▸ **PROVIDED RECORDS**

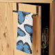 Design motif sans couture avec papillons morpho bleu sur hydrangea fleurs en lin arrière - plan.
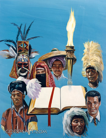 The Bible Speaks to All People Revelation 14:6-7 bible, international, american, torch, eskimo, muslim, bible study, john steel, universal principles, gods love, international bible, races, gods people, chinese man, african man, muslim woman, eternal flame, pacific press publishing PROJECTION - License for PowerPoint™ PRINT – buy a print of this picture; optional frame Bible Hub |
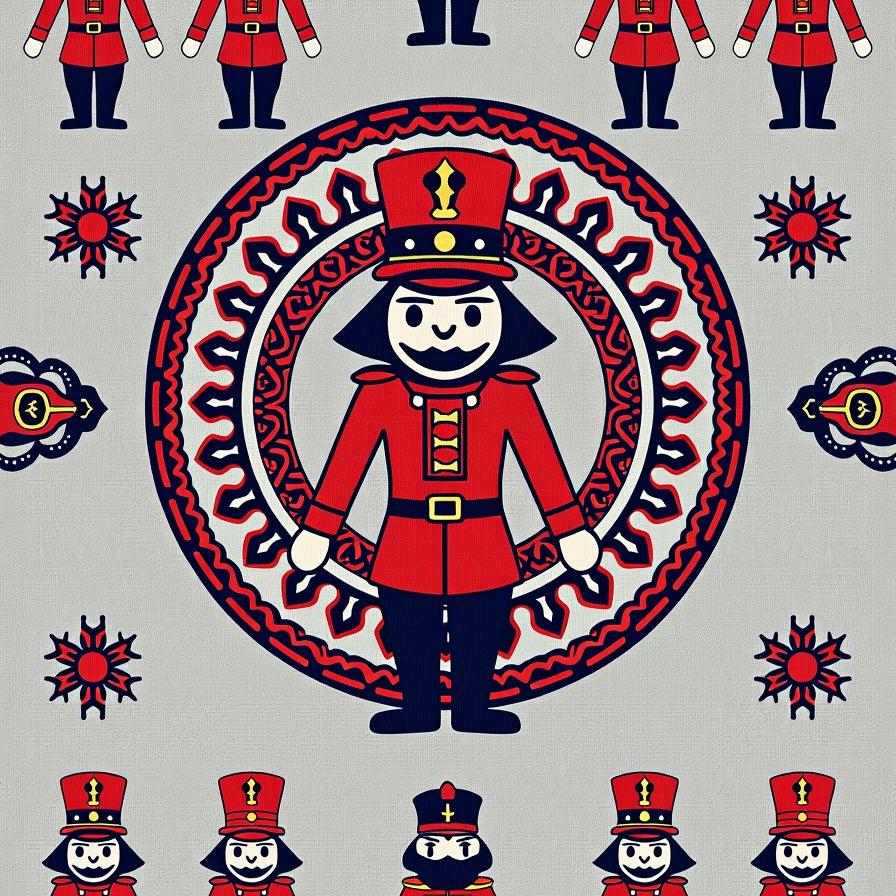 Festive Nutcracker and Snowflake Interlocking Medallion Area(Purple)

==

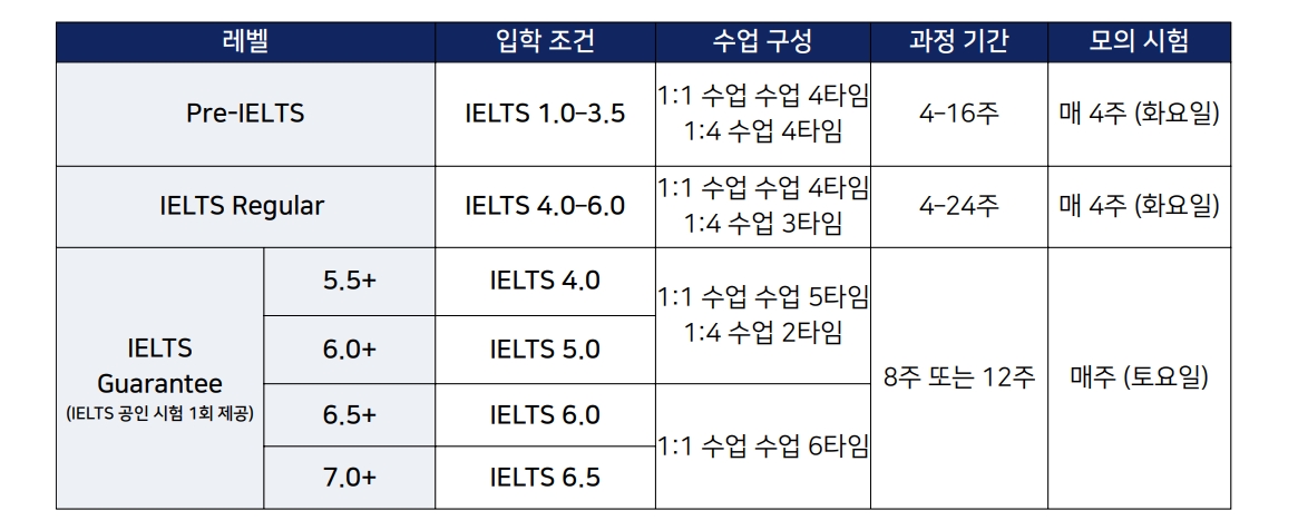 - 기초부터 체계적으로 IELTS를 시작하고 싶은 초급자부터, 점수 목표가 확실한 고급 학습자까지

▸ **WHAT YOU WILL DO**
Using the data above, set down each line from the line with "Design motif sans" to the line with "Festive Nutcracker and" exactly, both ends included, and leave the pictures behind. Nothing else belongs.

▸ **ANSWER FOR THE TASK**
 Design motif sans couture avec papillons morpho bleu sur hydrangea fleurs en lin arrière - plan.
 The Bible Speaks to All People Revelation 14:6-7 bible, international, american, torch, eskimo, muslim, bible study, john steel, universal principles, gods love, international bible, races, gods people, chinese man, african man, muslim woman, eternal flame, pacific press publishing PROJECTION - License for PowerPoint™ PRINT – buy a print of this picture; optional frame Bible Hub |
 Festive Nutcracker and Snowflake Interlocking Medallion Area(Purple)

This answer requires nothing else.